- Born: Guy Wilkie Warren 16 April 1921 Goulburn, New South Wales, Australia
- Died: 14 June 2024 (aged 103)
- Occupation: Painter
- Known for: Winning the 1985 Archibald Prize
- Notable work: Flugelman with Wingman

= Guy Warren (artist) =

Australian painter (1921–2024)

Guy Wilkie Warren (16 April 1921 – 14 June 2024) was an Australian painter who won the Archibald Prize in 1985 with Flugelman with Wingman. His works have also been exhibited as finalists in the Dobell Prize and he received the Trustees Watercolour Award at the Wynne Prize in 1980.

== Military service ==
Warren served in the Australian Army during World War II from 15 May 1941 until 3 April 1946. During his service outside Australia in New Guinea and Bougainville Island with the 136 Advance Supply Depot he rose to the rank of Staff Sergeant.

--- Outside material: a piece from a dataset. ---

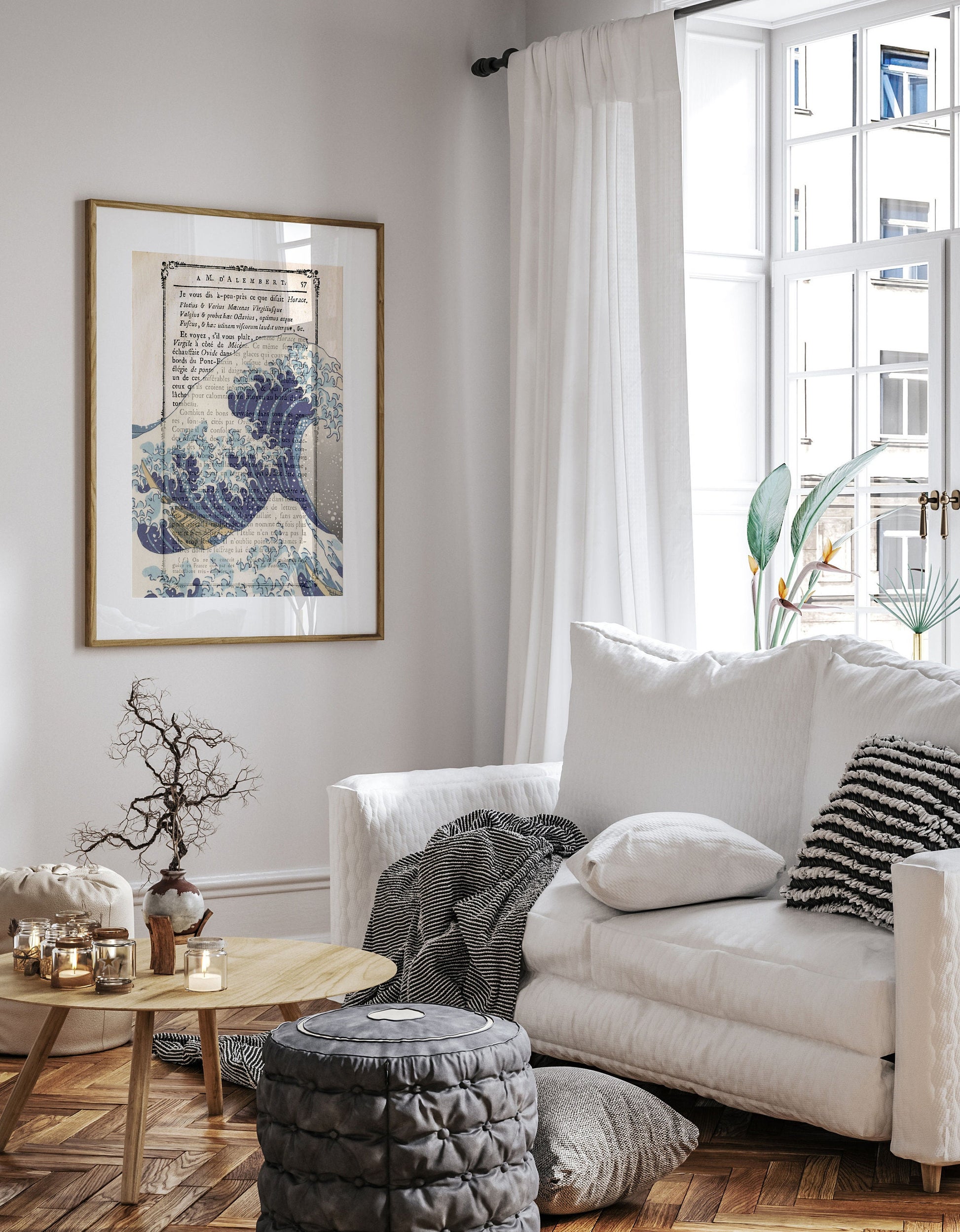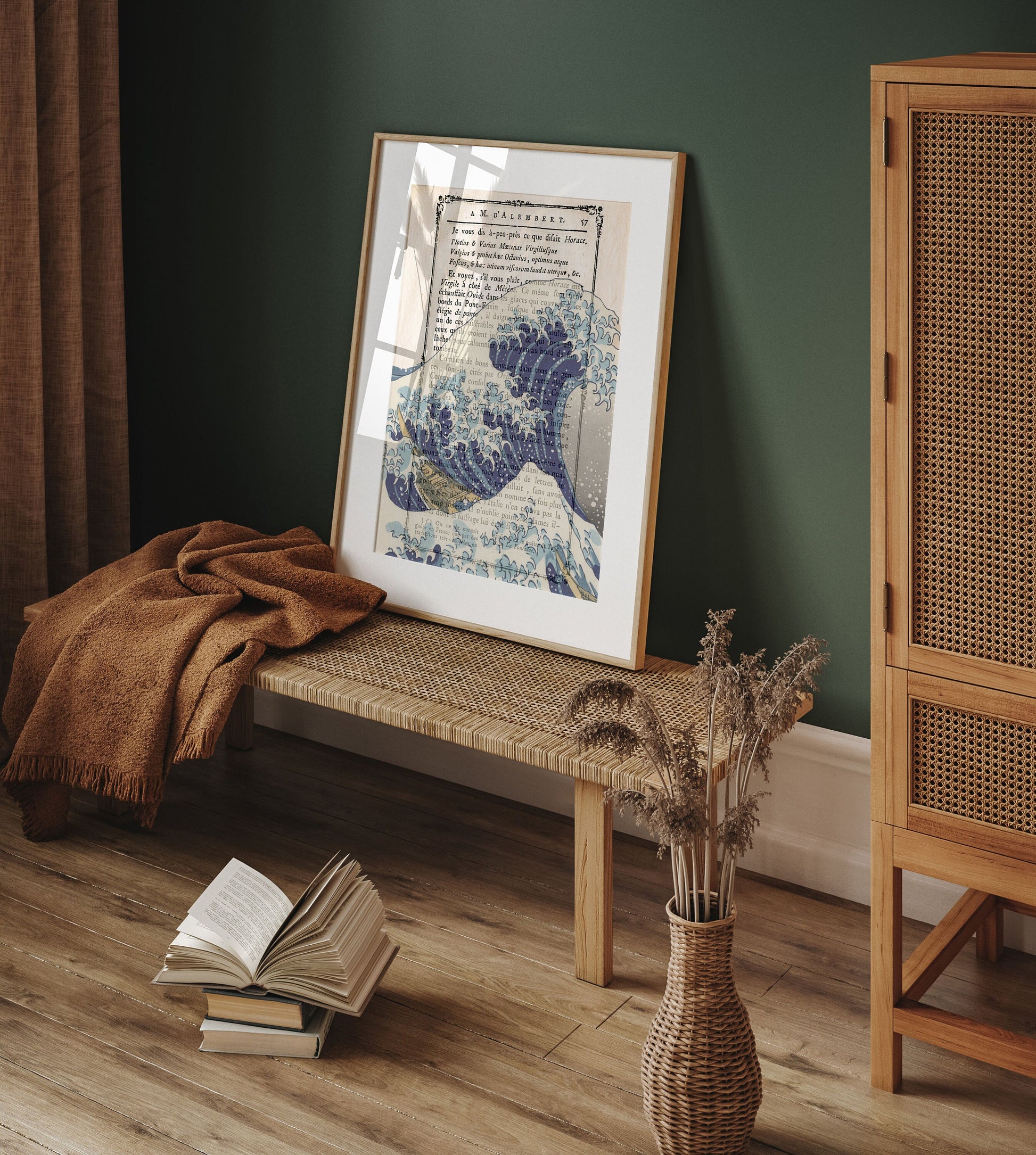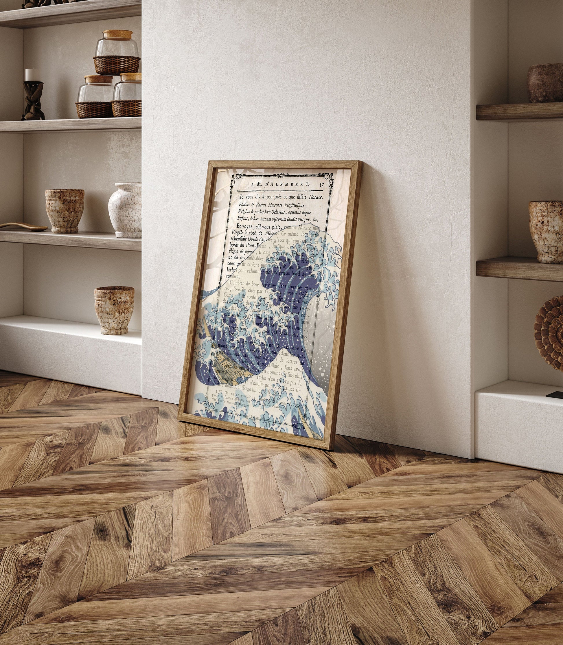 The Great Wave by Katsushika Hokusai Poster Print on vintage page of a book, Japanese Art, Vintage Poster, Katsushika Hokusai wall art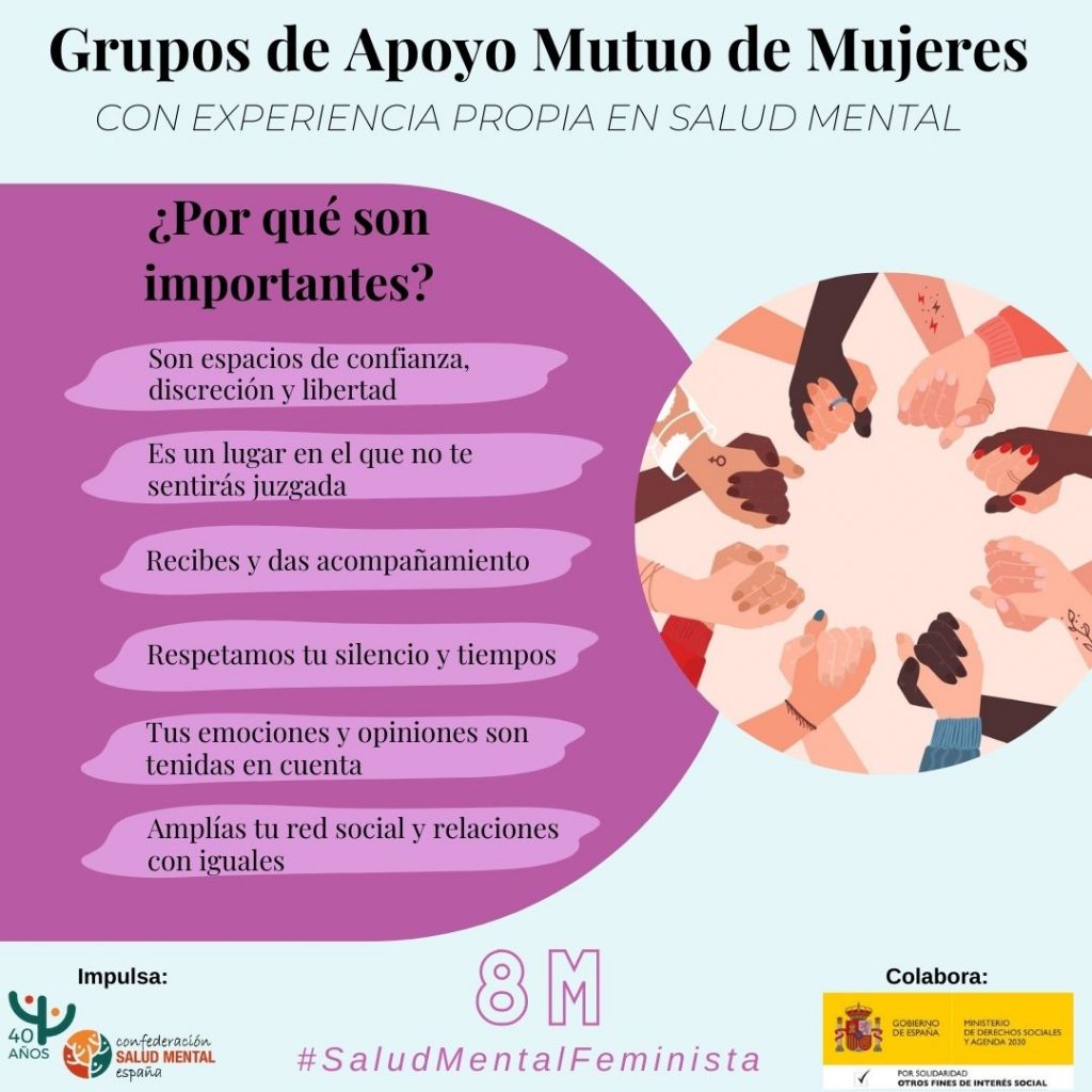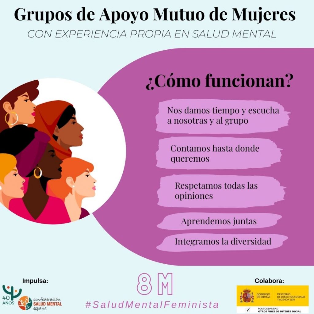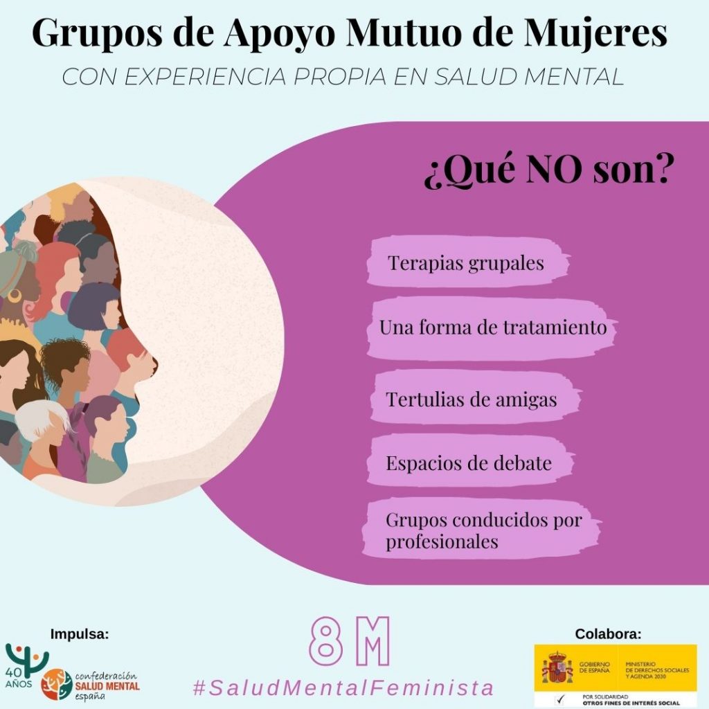 Los grupos de apoyo mutuo de mujeres con experiencia propia en salud mental son espacios en los que se comparten experiencias, lugares seguros para las asistentes, libres de violencia machista, que se basan en la horizontalidad y en la igualdad. Se trata de reuniones periódicas en las que las mujeres con problemas de salud mental se dan apoyo y comparten un mismo problema, o similar, para intentar superarlo.

Many of Warren's creative influences can be traced to his Army service, especially his service in southeast Queensland.

== Artistic career ==
At the end of World War II, Warren undertook art training at the National Art School. During this time, he met other veteran artists who had also served in World War II, and who took advantage of the British Commonwealth's post-war training scheme. On completing this program, he travelled to England to pursue landscape painting where a chance meeting with a young veteran and naturalist, Sir David Attenborough, provided the opportunity to continue his passion for the jungle through photos Attenborough provided from his own travels to New Guinea.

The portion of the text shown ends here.